Get Daily Slack Briefings with Claude Code Agent Automation

You leave work. The automation keeps running.

Next morning, you open Slack and find a neatly organized summary of everything you did yesterday. You can build this with Claude Code.

I came across a post in a Korean developer community:

Did you know? Claude Code can run automated tasks even when your computer is off. I think this is actually more flexible than OpenCLO, but it doesn’t seem widely known yet.

The comments ranged from “Isn’t it just cloning a repo on a cloud server?” to “How is this different from server-side automation?” But the key point was this: an agent runs on Anthropic’s cloud infrastructure, regardless of whether your machine is on or off.
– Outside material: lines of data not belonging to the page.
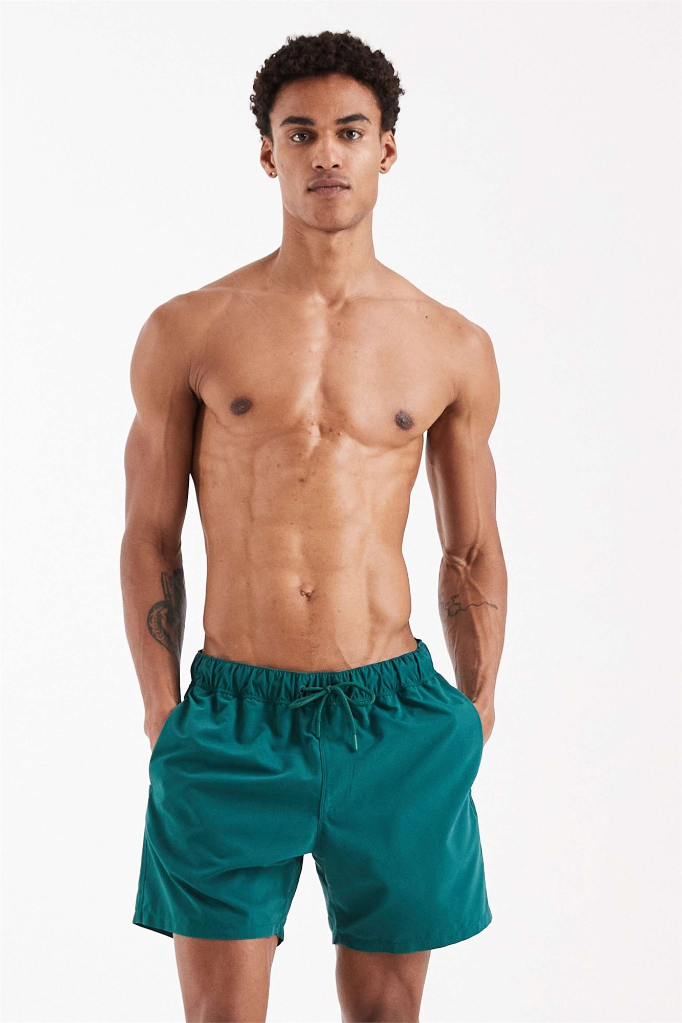 Плавательные шорты средней длины темно-зеленого цвета
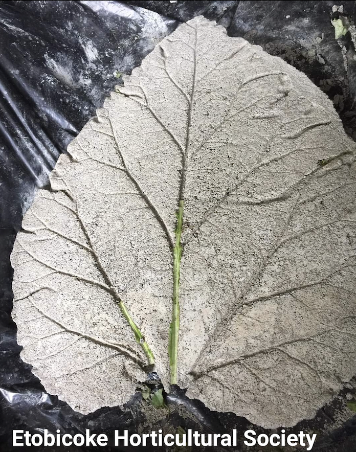 For a limited time, we are offering cement stepping stones beautifully made by an EHS member, Helen Whiteman. Each stepping stone will show the print of a Rhubarb leaf.
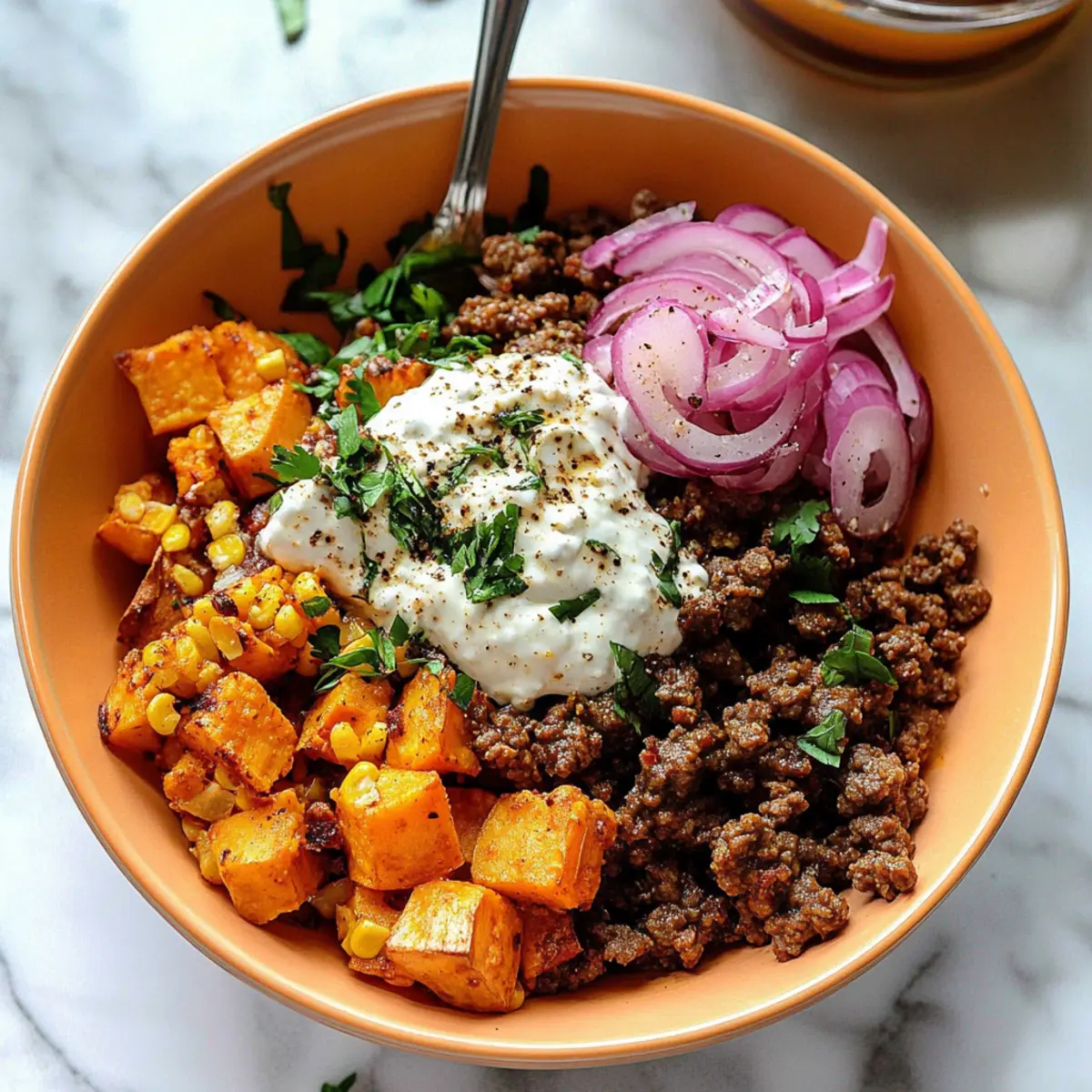 Once the sweet potatoes are cooked to a golden crisp, it’s time to assemble your Street Corn Beef Potato Bowls. Layer the roasted sweet potatoes at the bottom of each bowl, followed by a generous scoop of the seasoned ground beef. Drizzle the creamy street corn dip generously over the top for that perfect finish, adding a rich layer of flavor and texture.

I’m a solo developer running an attendance management system. I typically have 7-8 Claude Code sessions open simultaneously — one for the server, one for frontend, one for docs, one for bug fixes. Splitting work by session keeps things manageable.
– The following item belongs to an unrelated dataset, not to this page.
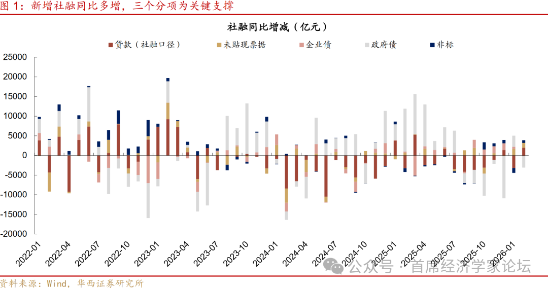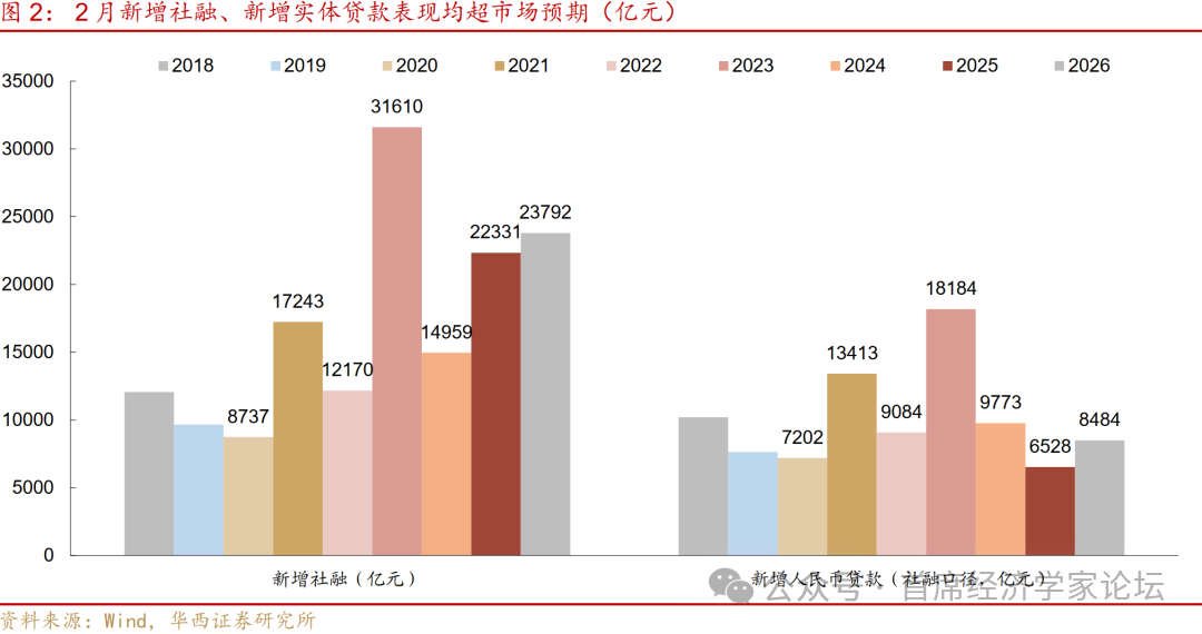 一是新增社融同比多增,三个分项成关键支撑。首先是政府债,2025年2月,地方债自春节后明显提速发行,当月社融口径新增政府债规模达到1.69万亿元,为全年之最;今年2月,地方债发行速率同样较1月边际提升,净发行10162亿元(远高于计划值7296亿元),社融口径新增政府债规模达到1.42万亿元,同比降幅不算显著。其次是实体信贷,社融口径下的新增信贷规模为8484亿元,较2025年同期6528亿元有所改善,今年1月信贷开门红成色偏弱,2月银行或在投放任务上有所加力。再者为企业端其他融资渠道,2月新增信托贷款、股权融资、表外票据309、454、-1755亿元,同比多增639、378、1232亿元;新增企业债1521亿元,不算低,不过去年同期为1702亿元,因而对新增社融略有拖累。

The problem? I’d come back the next morning and have no idea what I was working on. The context-switching cost kept piling up every single morning. Running claude -r (resume) shows a list of sessions, but when you haven’t named them, you’re staring at a wall of UUIDs with no clue which session was which. Naming sessions is one of those things you know you should do but never actually bother with. And once hundreds of sessions pile up, even search becomes useless.

Every morning I’d spend time digging through commit logs and scrolling through session lists, trying to reconstruct yesterday’s context. I figured this could be automated — so I tried.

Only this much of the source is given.